*DATASET EXTRACT*.
* * * * * * * * *
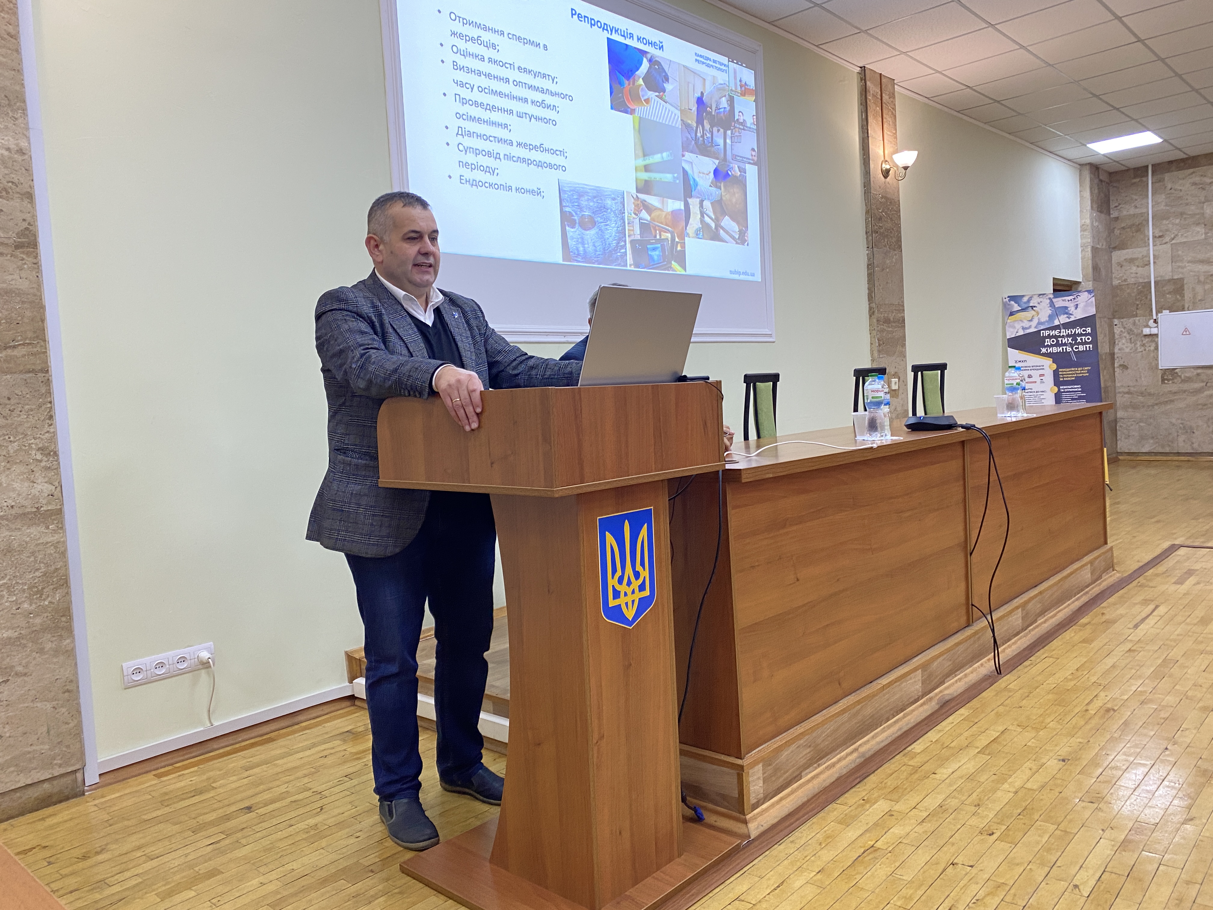 Кафедру ветеринарної репродуктології у короткій, але змістовній презентації представив в.о. завідувача, доцент Сергій ДЕРКАЧ. Він підкреслив високий науковий та практичний потенціал кафедри, яка має багаторічний досвід і унікальні компетенції у сфері контролю відтворення продуктивних і дрібних домашніх тварин. Також він акцентував, що колектив кафедри не лише забезпечує якісну підготовку здобувачів освіти, а й активно впроваджує сучасні біотехнологічні методи у ветеринарну практику, роблячи свій внесок у розвиток галузі та підвищення ефективності тваринництва в Україні.
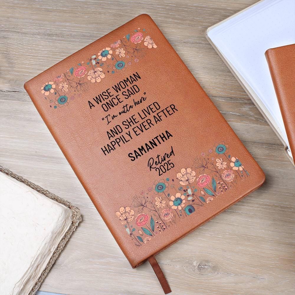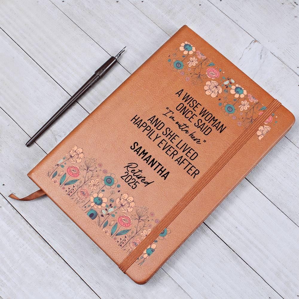 The cover of our Graphic Leather Journal bears the funny saying wishing your special someone well on their retirement! This beautifully crafted journal is the perfect gift for retirement, a departing colleague, or anyone whose impact deserves recognition.
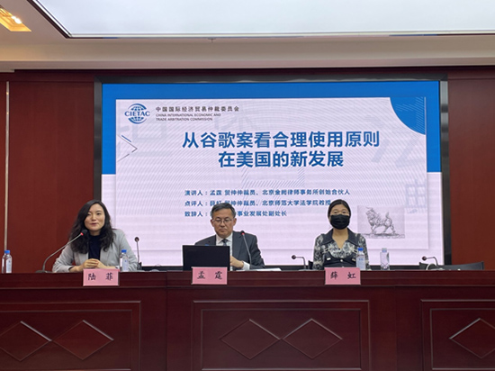 2021年6月9日,由貿(mào)仲舉辦的“從谷歌案看合理使用原則在美國(guó)的新發(fā)展”專(zhuān)題講座在北京順利舉行。本次講座特邀貿(mào)仲仲裁員、北京金闕律師事務(wù)所創(chuàng)始合伙人孟霆先生對(duì)谷歌公司與甲骨文公司之間長(zhǎng)達(dá)十年的著作權(quán)之爭(zhēng)進(jìn)行解讀,貿(mào)仲仲裁員、北京師范大學(xué)法學(xué)院教授薛虹女士對(duì)本案進(jìn)行點(diǎn)評(píng)。近50位仲裁員、學(xué)者、律師及法律界人士在現(xiàn)場(chǎng)參加了此次講座。貿(mào)仲上海分會(huì)、西南分會(huì)、浙江分會(huì)、福建分會(huì)、絲路中心、江蘇中心、四川分會(huì)、山東分會(huì)以及海峽兩岸仲裁中心等在近十個(gè)城市設(shè)立分會(huì)場(chǎng)進(jìn)行視頻同步連線。
* * * * * * * * *
*ASSIGNMENT*. Output the material word for word, and keep the pictures out.

*TASK SOLUTION*.
 Кафедру ветеринарної репродуктології у короткій, але змістовній презентації представив в.о. завідувача, доцент Сергій ДЕРКАЧ. Він підкреслив високий науковий та практичний потенціал кафедри, яка має багаторічний досвід і унікальні компетенції у сфері контролю відтворення продуктивних і дрібних домашніх тварин. Також він акцентував, що колектив кафедри не лише забезпечує якісну підготовку здобувачів освіти, а й активно впроваджує сучасні біотехнологічні методи у ветеринарну практику, роблячи свій внесок у розвиток галузі та підвищення ефективності тваринництва в Україні.
 The cover of our Graphic Leather Journal bears the funny saying wishing your special someone well on their retirement! This beautifully crafted journal is the perfect gift for retirement, a departing colleague, or anyone whose impact deserves recognition.
 2021年6月9日,由貿(mào)仲舉辦的“從谷歌案看合理使用原則在美國(guó)的新發(fā)展”專(zhuān)題講座在北京順利舉行。本次講座特邀貿(mào)仲仲裁員、北京金闕律師事務(wù)所創(chuàng)始合伙人孟霆先生對(duì)谷歌公司與甲骨文公司之間長(zhǎng)達(dá)十年的著作權(quán)之爭(zhēng)進(jìn)行解讀,貿(mào)仲仲裁員、北京師范大學(xué)法學(xué)院教授薛虹女士對(duì)本案進(jìn)行點(diǎn)評(píng)。近50位仲裁員、學(xué)者、律師及法律界人士在現(xiàn)場(chǎng)參加了此次講座。貿(mào)仲上海分會(huì)、西南分會(huì)、浙江分會(huì)、福建分會(huì)、絲路中心、江蘇中心、四川分會(huì)、山東分會(huì)以及海峽兩岸仲裁中心等在近十個(gè)城市設(shè)立分會(huì)場(chǎng)進(jìn)行視頻同步連線。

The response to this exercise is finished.